:: DATASET CONTENT ::

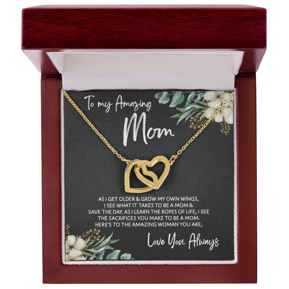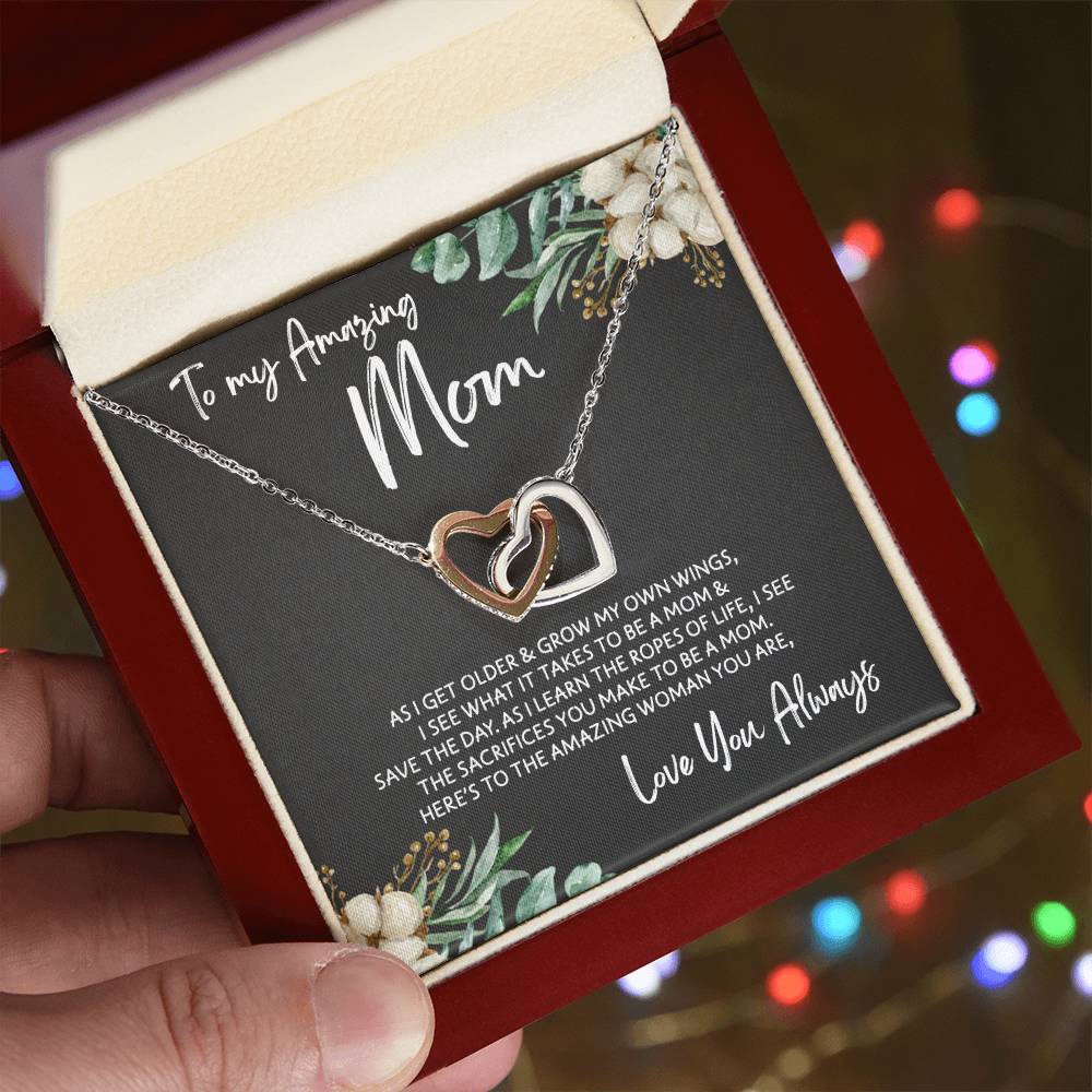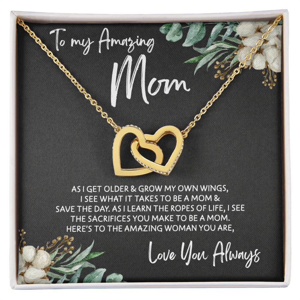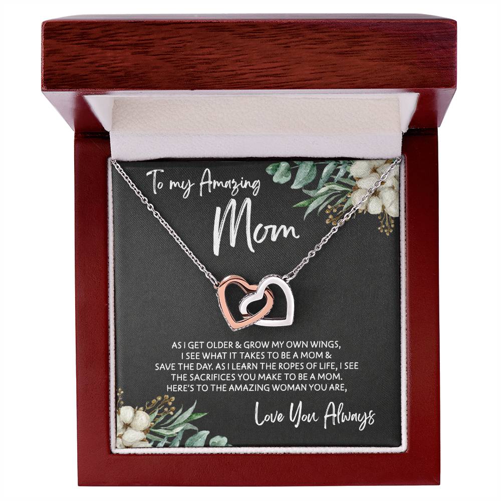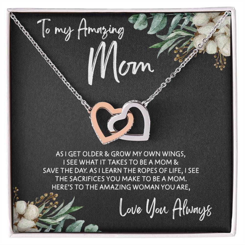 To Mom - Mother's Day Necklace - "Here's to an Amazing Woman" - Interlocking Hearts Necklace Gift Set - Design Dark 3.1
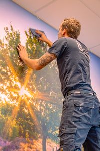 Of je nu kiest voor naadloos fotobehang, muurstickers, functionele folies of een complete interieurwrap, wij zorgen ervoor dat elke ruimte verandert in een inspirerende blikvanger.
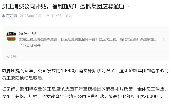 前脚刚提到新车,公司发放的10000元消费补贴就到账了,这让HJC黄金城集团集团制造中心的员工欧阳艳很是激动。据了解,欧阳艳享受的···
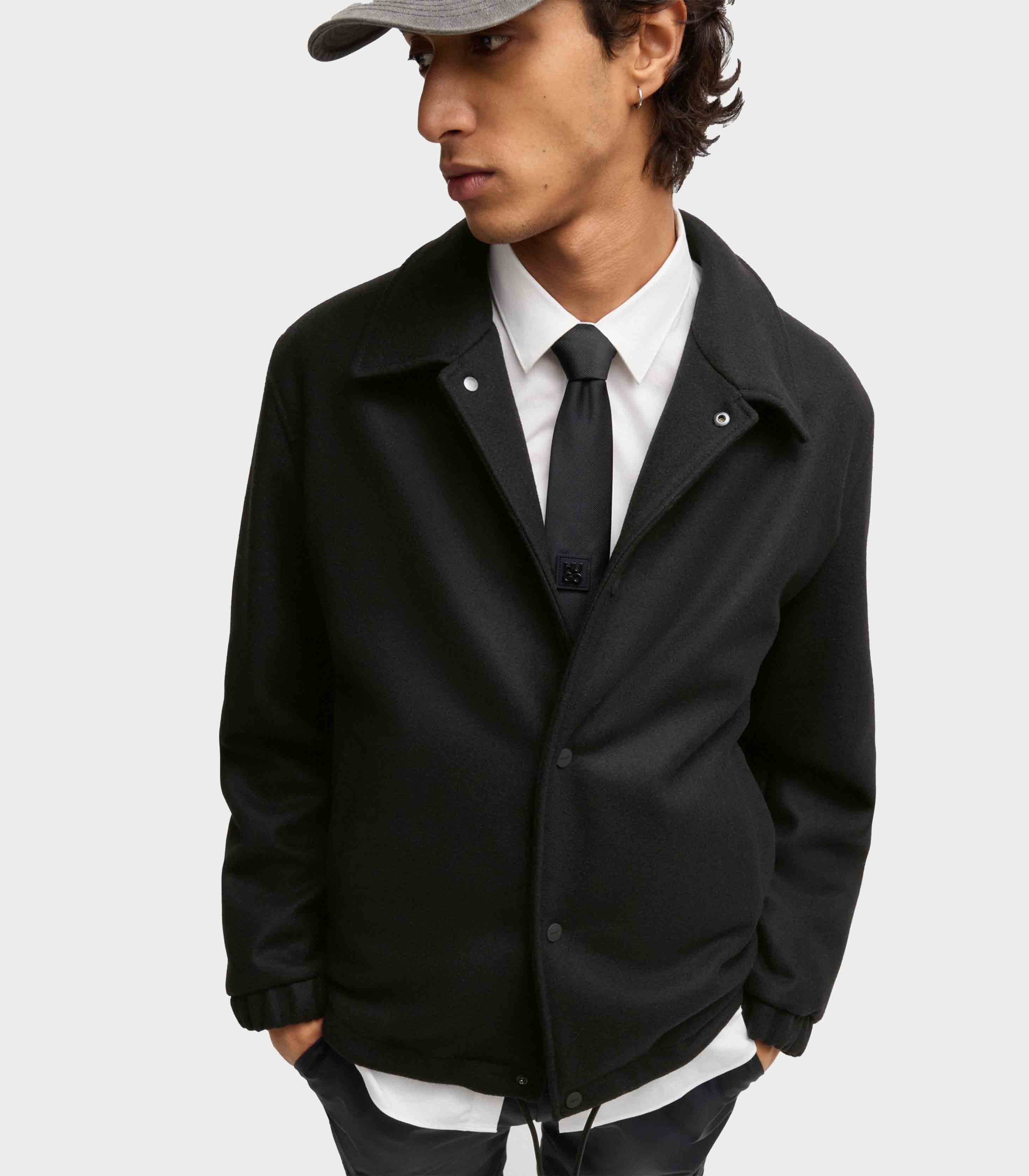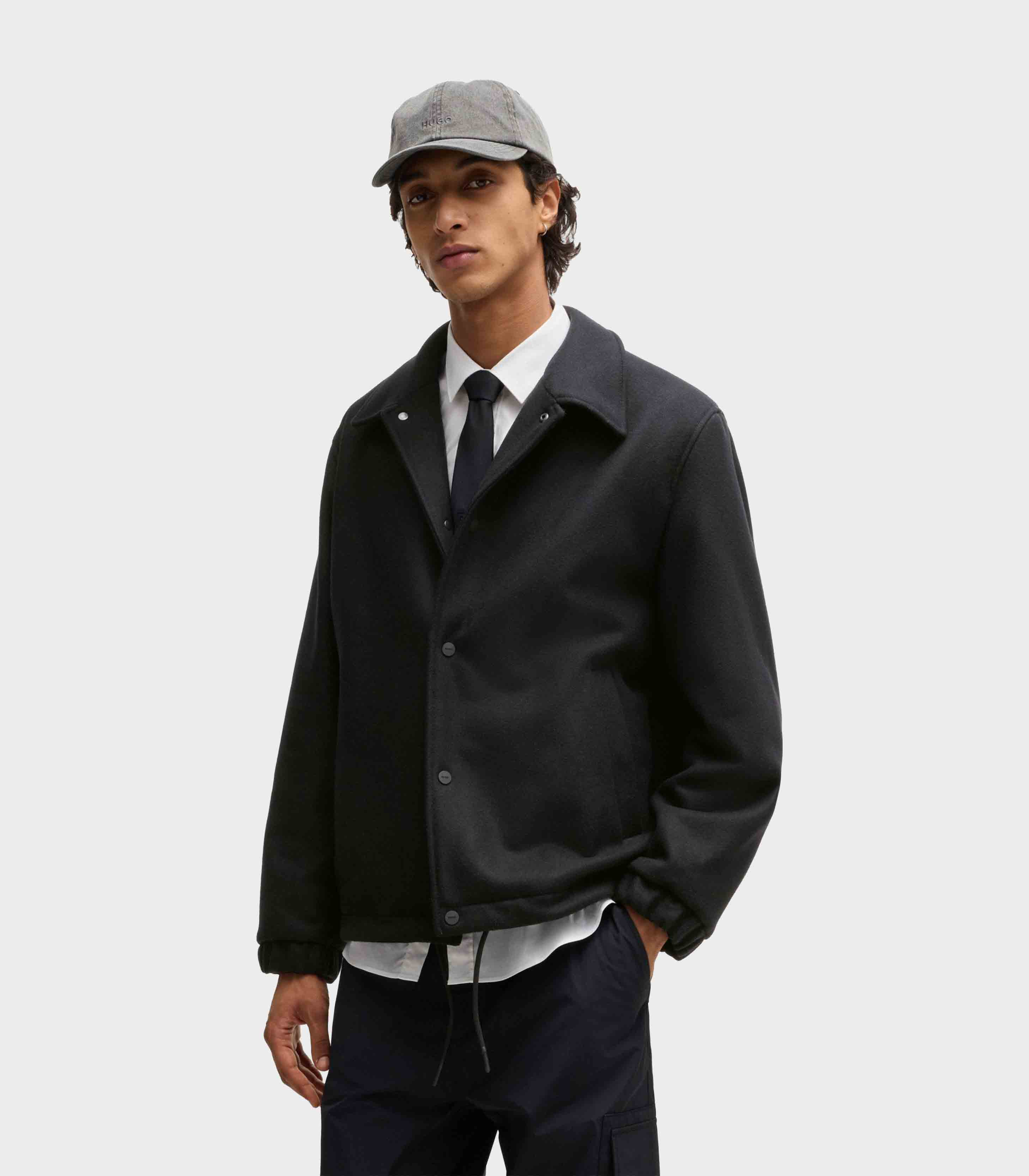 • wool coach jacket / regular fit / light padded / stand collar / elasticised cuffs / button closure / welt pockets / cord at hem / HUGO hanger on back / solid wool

:: ABOUT THIS TASK ::
Only the pictures are to be left out; copy all the remaining material above exactly.

:: FINISHED TASK ::
 To Mom - Mother's Day Necklace - "Here's to an Amazing Woman" - Interlocking Hearts Necklace Gift Set - Design Dark 3.1
 Of je nu kiest voor naadloos fotobehang, muurstickers, functionele folies of een complete interieurwrap, wij zorgen ervoor dat elke ruimte verandert in een inspirerende blikvanger.
 前脚刚提到新车,公司发放的10000元消费补贴就到账了,这让HJC黄金城集团集团制造中心的员工欧阳艳很是激动。据了解,欧阳艳享受的···
 • wool coach jacket / regular fit / light padded / stand collar / elasticised cuffs / button closure / welt pockets / cord at hem / HUGO hanger on back / solid wool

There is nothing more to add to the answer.